61. The compute device of claim 29, wherein the at least one of the one or more data objects is a first data object, the one or more metadata includes first metadata associated with the first data object, and one or more of the at least one first programmable circuit is to select at least one of two or more programmable circuits to process the first data object based on (a) at least one service level objective associated with the first data object, (b) the first metadata, and (c) telemetry data associated with the two or more programmable circuits.
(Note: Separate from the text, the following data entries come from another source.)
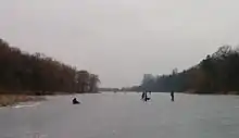 Skating on Grenadier Pond was banned by the Toronto Parks Department starting in 2001,[66] but it remained a favourite skating location for Torontonians in the west end of the city for skating and shinny.[67] In the past, the "old" City of Toronto flooded the surface from holes drilled in the ice and cleared areas for rinks.[68] In 2015, Toronto City Council voted to fund a $25,000 ice monitoring program and legalize skating again.[69] A record cold winter in 2015 had seen many people skating on the ice despite bylaw officers attempting to write $125 tickets.[70]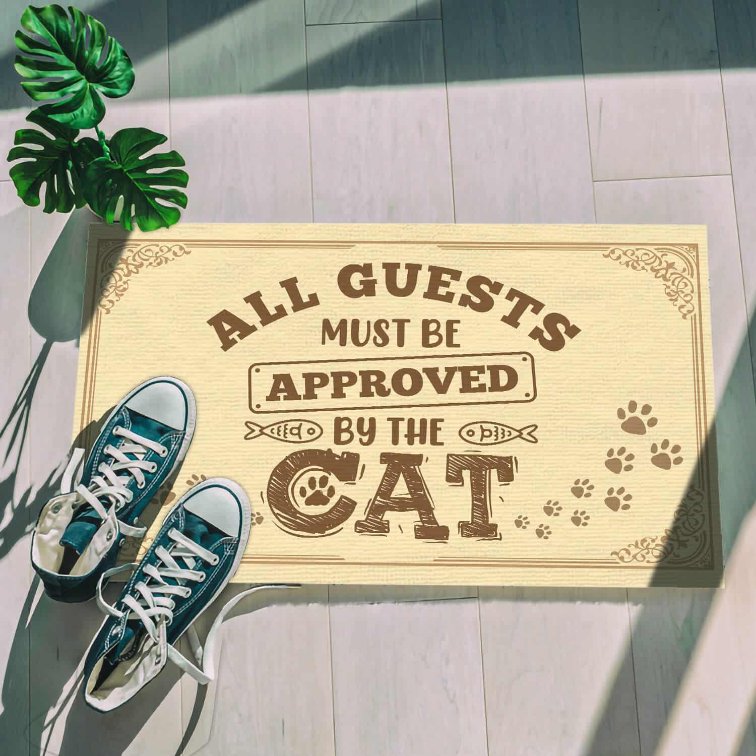 Let’s Shop All Guests Must Be Approved by The Cat Funny Indoor Outdoor Decorative Doormat!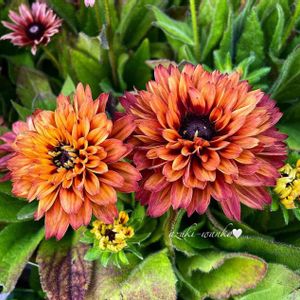 ルドベキア・キャラメルミックス(学名: Rudbeckia x hirta caramel 英名: coneflower “caramel mix”)🌺🌿🌼 シェードカラーが美しいルドベキアです。 キャラメルミックスの花は、花弁の多い八重で、花はコッパー、ブロンズ、ダークピンクなど色幅があり、花芯の黒との対比が美しい品種です。 キャラメルミックスは、暑さに強く、初夏から秋まで花を咲かせます。 丈夫で育てやすく、側枝を次々と出し、多数の花を長期間咲かせます。環境が合えば冬越しし、翌年もまた花を咲かせることがあります。 素敵な色合いのルドベキアの花をお楽しみください。 🌺🌿🌼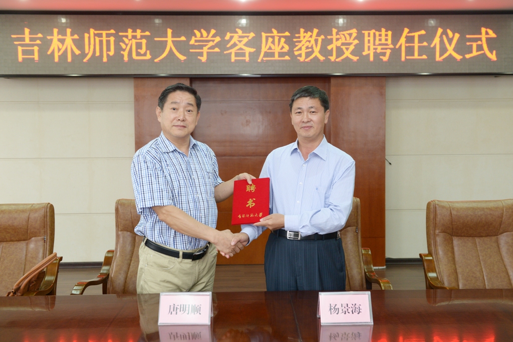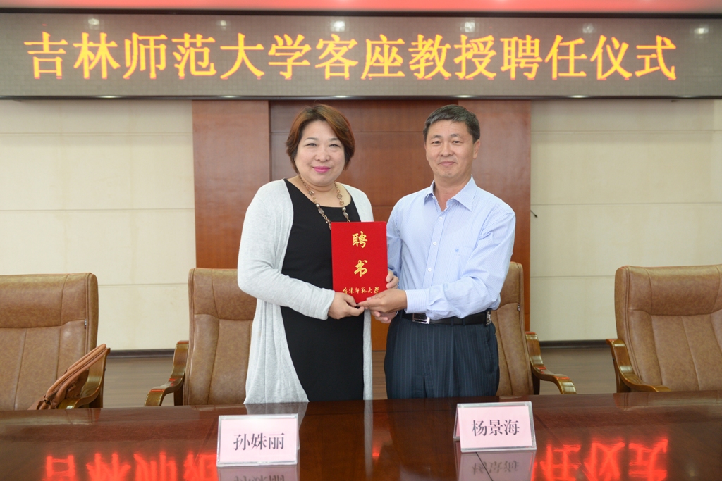 9月9日,太阳成官网在第一教学楼八楼会议室举行客座教授聘任仪式,聘任女中音歌唱家、吉林大学艺术学院孙姝丽教授,吉林省钢琴协会会长、吉林艺术学院唐明顺教授为太阳成官网客座教授。校长杨景海、纪委书记刘银善出席聘任仪式。刘银善主持聘任仪式,杨景海为孙姝丽教授、唐明顺教授颁发聘书。音乐学院负责人及相关教师代表参加了聘任仪式。聘任仪式后,孙姝丽教授、唐明顺教授为音乐学院师生作了学术讲座。

62. The compute device of claim 61, wherein the machine-readable instructions are first machine-readable instructions, and one or more of the at least one first programmable circuit is to:
access a data structure that maps second machine-readable instructions to (1) respective types of the two or more programmable circuits and (2) at least one key performance indicator (KPI) for the respective types of the two or more programmable circuits; and
access the telemetry data associated with the two or more programmable circuits, wherein selection of the at least one of the two or more programmable circuits is based on the at least one service level objective, the at least one KPI for the respective types of the two or more programmable circuits, the first metadata, and the telemetry data.
63. The compute device of claim 29, wherein the one or more data objects include at least one of an image data object, a person data object, a product data object, an event data object, or a telecommunications data object.
64. The compute device of claim 29, wherein the one or more characteristics include at least one of one or more levels of sparsity of the one or more data objects or one or more sizes of the one or more data objects.
65. The compute device of claim 29, wherein the one or more characteristics include one or more data types of the one or more data objects, one or more creation dates of the one or more data objects, one or more modification dates of the one or more data objects, geolocation data for the one or more data objects, one or more access control lists for the one or more data objects, one or more encryption statuses of the one or more data objects, one or more checksums or hash values of the one or more data objects, one or more digital signatures for the one or more data objects, one or more file permissions for the one or more data objects, audit trail information for the one or more data objects, ownership information for the one or more data objects, one or more environmental contexts for the one or more data objects, or one or more data loss prevention tags for the one or more data objects.